My new verilog 65C02 core.

Arlet · Post by **Arlet** » Fri Nov 13, 2020 2:04 pm

Good find, and accurate debugging. Latest github has a fix.

The same bug may be present in other instructions as well. I'll have to check. The problem was that the PC wasn't updated in the last cycle of the JMP (IND). This is only an issue when instruction is directly followed by an interrupt, so it doesn't show up in the test suite.

Edit: I've checked the microcode, and for every instruction, the last cycle loads the PC, so should be good now.

hoglet · Post by **hoglet** » Fri Nov 13, 2020 2:21 pm

Arlet wrote:

Good find, and accurate debugging. Latest github has a fix.

That's working much better, it no longer hangs on reset and I can type things in!

It run 14.5% faster just throught improved CPI:

: capture0.png (4.27 KiB) Viewed 832 times

But for some reason the system is hanging when I run the DORMANN tests.
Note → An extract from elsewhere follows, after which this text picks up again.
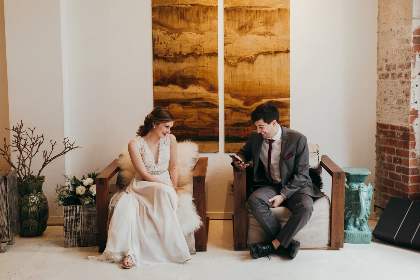 Seattle brides... take notes, because Stephanie and Ethan planned a KILLER celebration. Rain was on the forecast for the entire weekend (and it raiiiiined. HARD). Stephanie booked out this dopeeeeeeeee Airbnb in Pioneer Square to get ready in, which created such a rad and unique environment to do all their portraits+first look since it was too wet to shoot outside. No one was even disappointed with the weather because we had this fun dreamy space to shoot in. I really can't emphasize enough how having a cool environment to get ready in can transform your wedding gallery and also provide a perfect plan b if the weather sucks. It was such a fun space to shoot in - would y'all hate me if I said it was happy it was pouring so we were forced to shoot inside all morning?!?!?!?
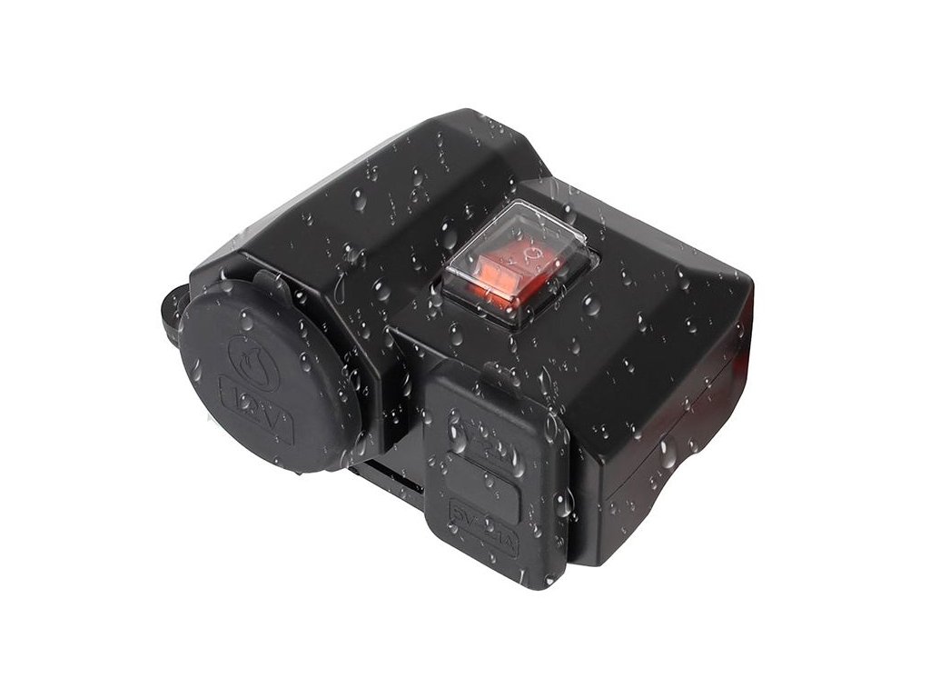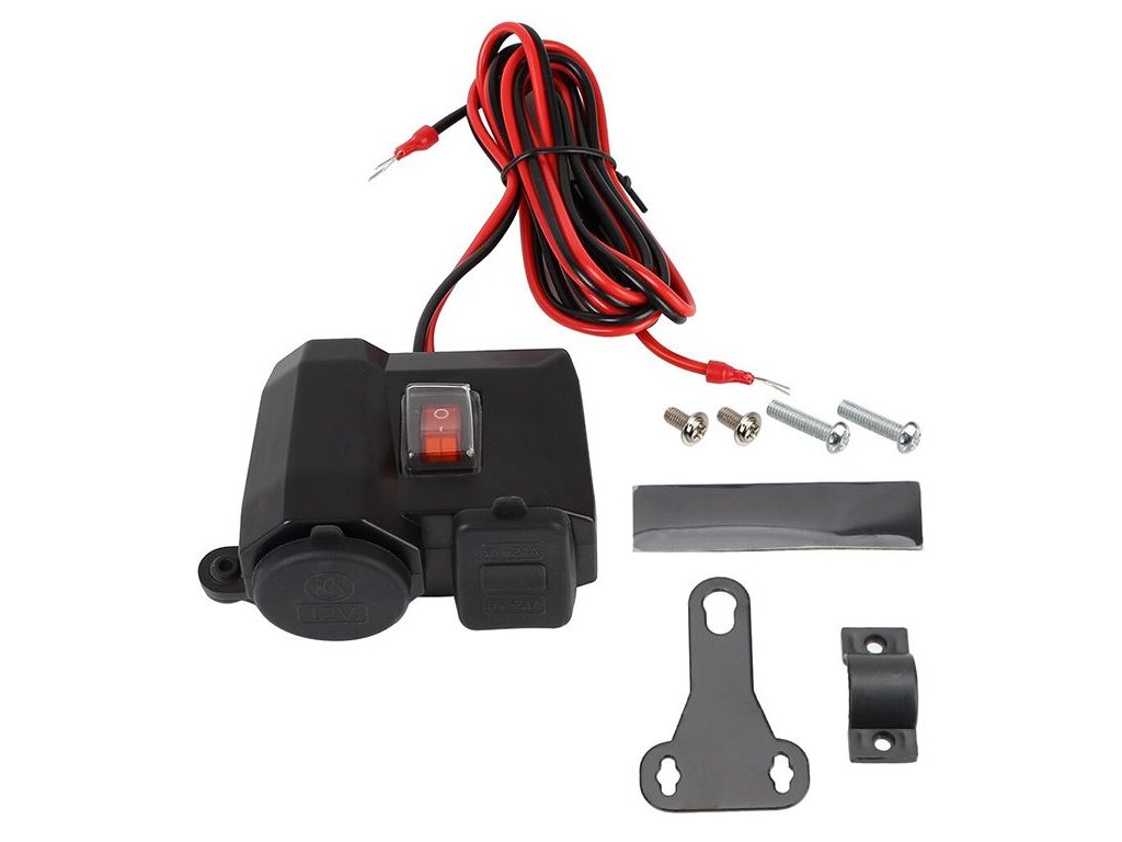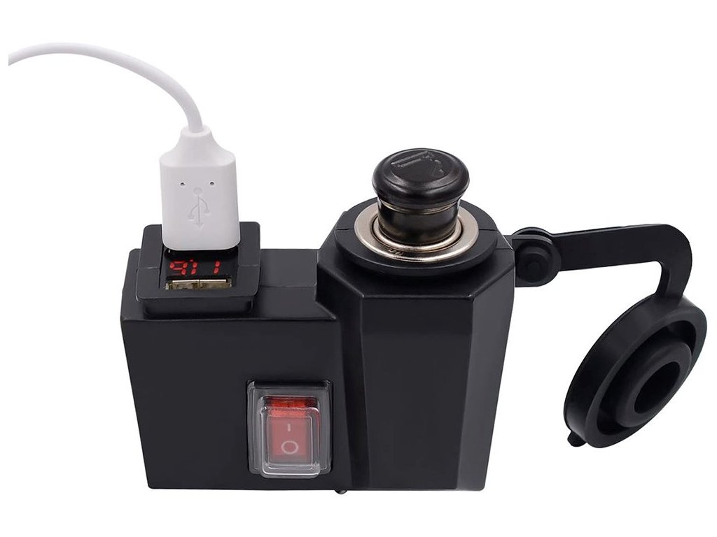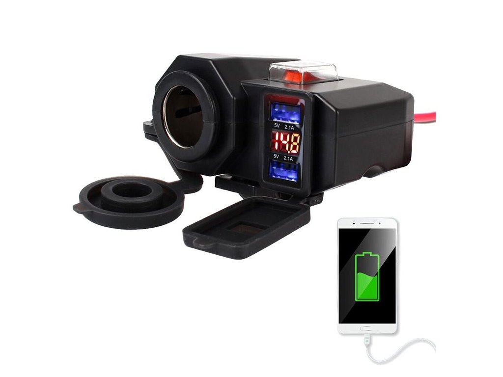 Vodotěsná zásuvka zapalovače pro motocykl, skútr, čtyřkolku. Je vybavenavoltmetrem, který ukazuje napětí při nabíjení baterie. Kromě toho má dva porty USB 2,1 A. Zásuvka má dvě gumové krytky, které ji chrání před nepříznivými povětrnostními podmínkami.

I'll see if I can debug this now.

Dave

Arlet · Post by **Arlet** » Fri Nov 13, 2020 2:39 pm

Nice.

hoglet · Post by **hoglet** » Fri Nov 13, 2020 3:07 pm

hoglet wrote:

But for some reason the system is hanging when I run the DORMANN tests.

It looks like the issue is also interrupt related, and occurs in test &2A which is the decimal mode add/subtract test.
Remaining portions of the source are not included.